# PROBLEM
Directions for the data below: repeat exactly the lines from the one with "Juan Manuel Santos" through the one with "產(chǎn)床上仔豬:拉稀", both included, and omit all pictures.

# DATASET
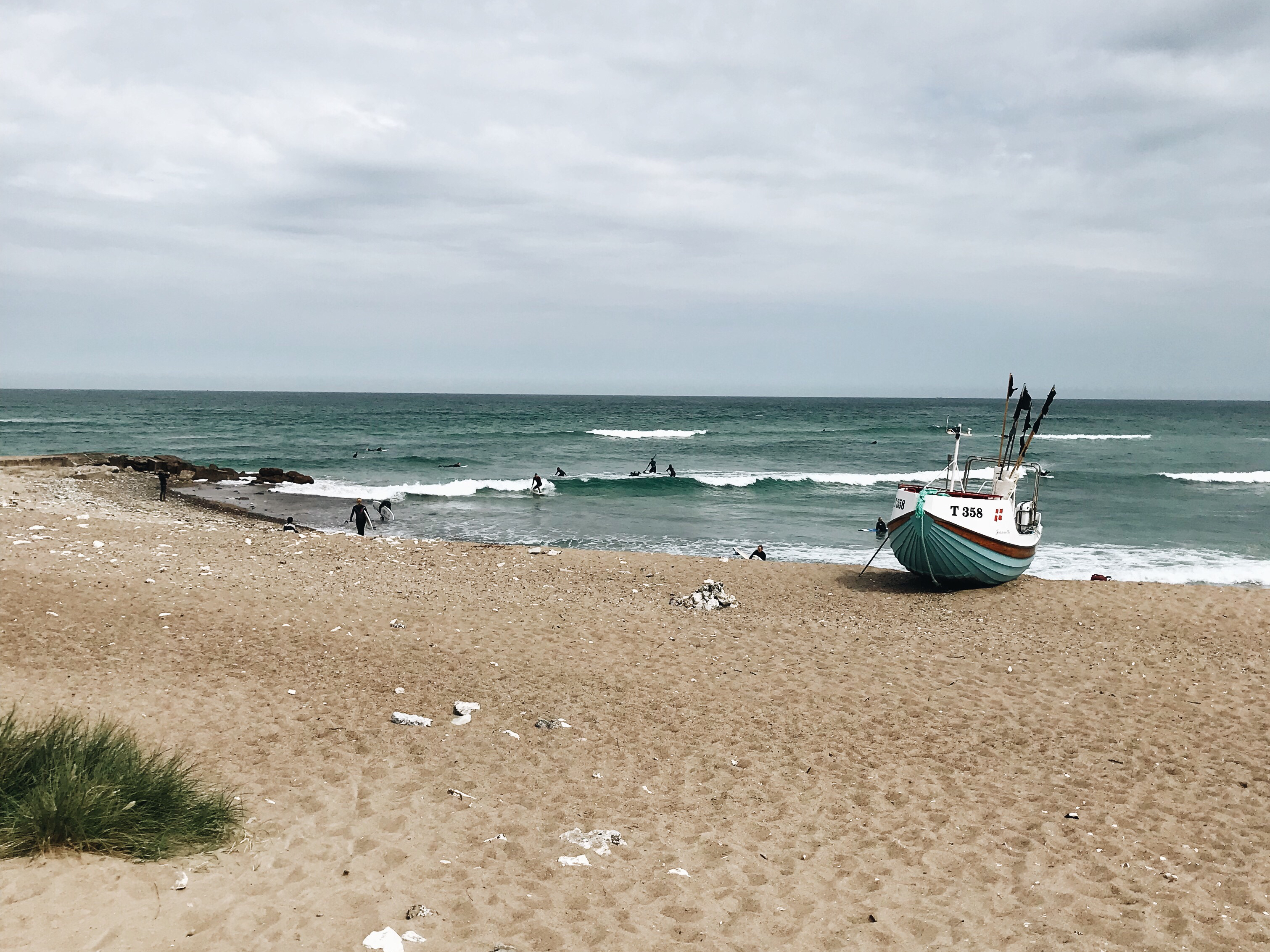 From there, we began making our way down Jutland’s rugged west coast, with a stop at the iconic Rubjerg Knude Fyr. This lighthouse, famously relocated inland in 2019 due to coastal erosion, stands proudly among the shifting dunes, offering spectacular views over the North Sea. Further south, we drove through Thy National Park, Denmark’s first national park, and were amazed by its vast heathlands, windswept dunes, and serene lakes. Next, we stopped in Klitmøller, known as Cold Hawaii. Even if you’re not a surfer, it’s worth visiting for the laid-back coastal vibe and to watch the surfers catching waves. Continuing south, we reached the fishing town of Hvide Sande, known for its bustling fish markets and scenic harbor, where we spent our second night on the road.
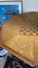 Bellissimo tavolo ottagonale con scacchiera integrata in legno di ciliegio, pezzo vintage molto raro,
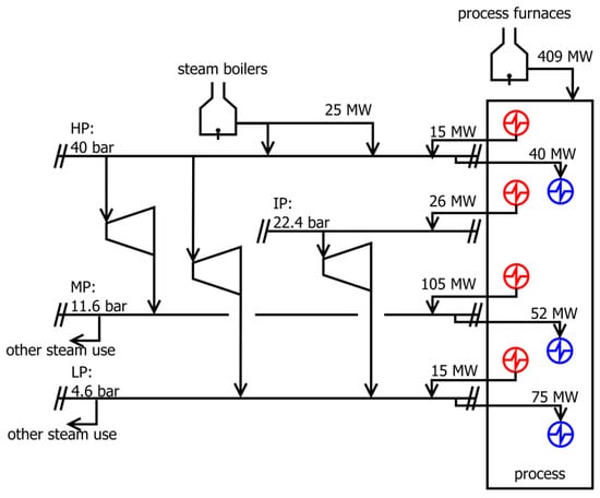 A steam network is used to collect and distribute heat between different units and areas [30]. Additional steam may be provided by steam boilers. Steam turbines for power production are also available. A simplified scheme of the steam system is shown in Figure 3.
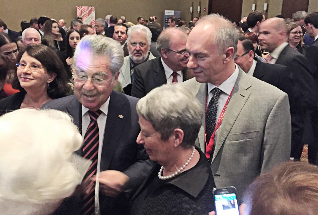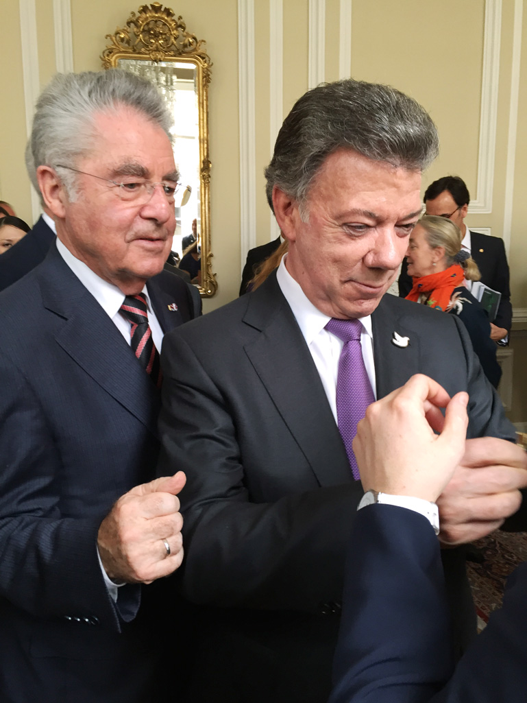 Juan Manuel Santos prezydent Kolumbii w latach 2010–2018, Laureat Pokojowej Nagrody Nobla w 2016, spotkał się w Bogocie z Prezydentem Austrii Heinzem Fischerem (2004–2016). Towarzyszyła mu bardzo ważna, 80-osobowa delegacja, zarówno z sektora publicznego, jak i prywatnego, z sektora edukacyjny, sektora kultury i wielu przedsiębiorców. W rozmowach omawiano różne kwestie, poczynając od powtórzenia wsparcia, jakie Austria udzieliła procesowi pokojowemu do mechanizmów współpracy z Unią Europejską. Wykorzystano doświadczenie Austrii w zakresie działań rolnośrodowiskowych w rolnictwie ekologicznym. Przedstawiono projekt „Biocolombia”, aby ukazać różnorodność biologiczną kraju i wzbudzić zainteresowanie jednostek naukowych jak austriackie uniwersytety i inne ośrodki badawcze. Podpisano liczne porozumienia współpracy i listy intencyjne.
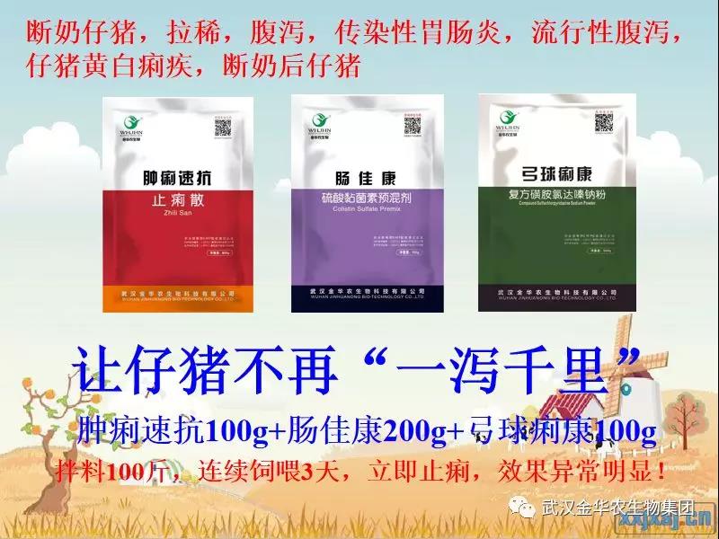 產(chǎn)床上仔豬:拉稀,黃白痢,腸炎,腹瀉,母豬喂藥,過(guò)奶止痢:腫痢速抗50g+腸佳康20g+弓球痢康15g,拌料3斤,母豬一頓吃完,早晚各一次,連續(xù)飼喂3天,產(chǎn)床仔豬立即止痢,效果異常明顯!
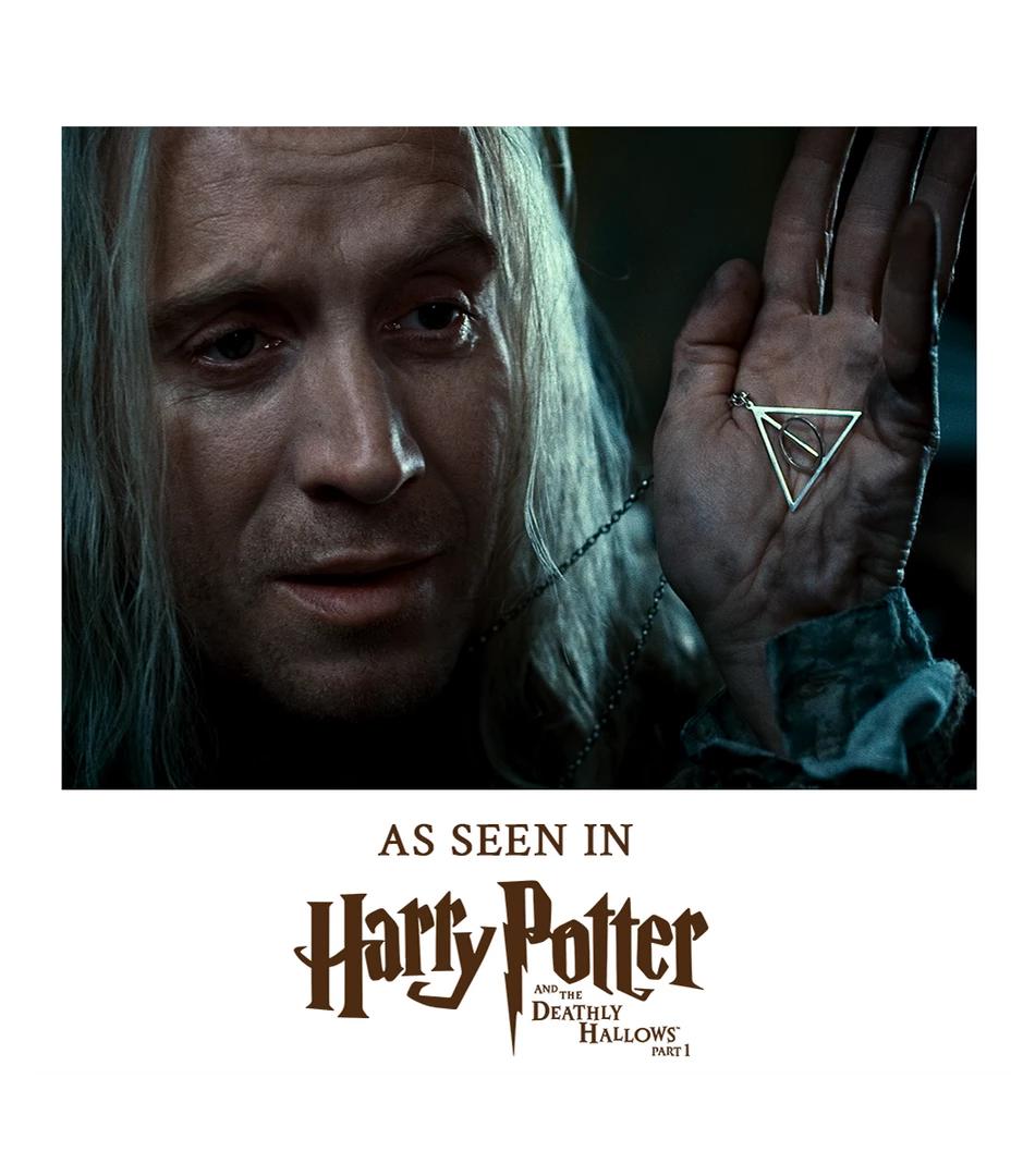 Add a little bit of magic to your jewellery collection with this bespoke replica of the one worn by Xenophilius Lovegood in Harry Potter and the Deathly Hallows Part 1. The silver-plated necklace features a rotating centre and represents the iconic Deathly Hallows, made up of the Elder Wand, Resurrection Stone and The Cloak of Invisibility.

# REPLY TO THE EXERCISE
 Juan Manuel Santos prezydent Kolumbii w latach 2010–2018, Laureat Pokojowej Nagrody Nobla w 2016, spotkał się w Bogocie z Prezydentem Austrii Heinzem Fischerem (2004–2016). Towarzyszyła mu bardzo ważna, 80-osobowa delegacja, zarówno z sektora publicznego, jak i prywatnego, z sektora edukacyjny, sektora kultury i wielu przedsiębiorców. W rozmowach omawiano różne kwestie, poczynając od powtórzenia wsparcia, jakie Austria udzieliła procesowi pokojowemu do mechanizmów współpracy z Unią Europejską. Wykorzystano doświadczenie Austrii w zakresie działań rolnośrodowiskowych w rolnictwie ekologicznym. Przedstawiono projekt „Biocolombia”, aby ukazać różnorodność biologiczną kraju i wzbudzić zainteresowanie jednostek naukowych jak austriackie uniwersytety i inne ośrodki badawcze. Podpisano liczne porozumienia współpracy i listy intencyjne.
 產(chǎn)床上仔豬:拉稀,黃白痢,腸炎,腹瀉,母豬喂藥,過(guò)奶止痢:腫痢速抗50g+腸佳康20g+弓球痢康15g,拌料3斤,母豬一頓吃完,早晚各一次,連續(xù)飼喂3天,產(chǎn)床仔豬立即止痢,效果異常明顯!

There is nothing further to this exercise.